Sur la remise des documents de fin de contrat et les intérêts moratoires
Compte tenu du sens de la décision, Mme [N] sera déboutée de ses demandes de remise des documents de fin de contrat sous astreinte et d’intérêts moratoires avec anatocisme, par confirmation de la décision entreprise.
Sur les demandes accessoires
La décision de première instance sera confirmée en ses dispositions relatives aux dépens et frais irrépétibles.
Mme [N] sera condamnée aux dépens d’appel et à payer à la société Sodexo Hygiène Propreté une somme de 200 euros sur le fondement de l’article 700 du code de procédure civile, sa demande formée du même chef étant rejetée.
PAR CES MOTIFS
La cour, statuant publiquement, par arrêt mis à disposition au greffe, contradictoire et en dernier ressort,
Confirme en toutes ses dispositions le jugement rendu le 29 novembre 2022 par le conseil de prud’hommes de Versailles,
Y ajoutant,
Condamne Mme [H] [N] aux dépens d’appel,
Condamne Mme [H] [N] à payer à la société Sodexo Hygiène et Propreté une somme de 200 euros sur le fondement de l’article 700 du code de procédure civile,
Déboute Mme [H] [N] de sa demande formée au titre de l’article 700 du code de procédure civile.

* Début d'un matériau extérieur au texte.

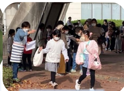
今日はありがとう!!
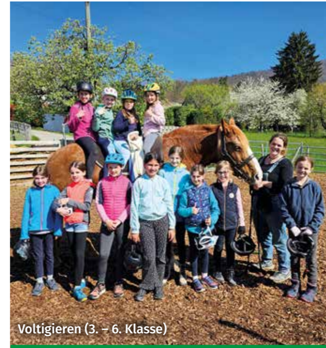
Voltigieren (3. – 6. Klasse)

Arrêt prononcé publiquement à la date indiquée par mise à disposition au greffe de la cour d’appel, les parties ayant été préalablement avisées dans les conditions prévues au deuxième alinéa de l’article 450 du code de procédure civile et signé par Madame Laure TOUTENU, conseillère pour la présidente empêchée, et par Mme Victoria Le Flem, greffière, à laquelle la minute de la décision a été remise par le magistrat signataire.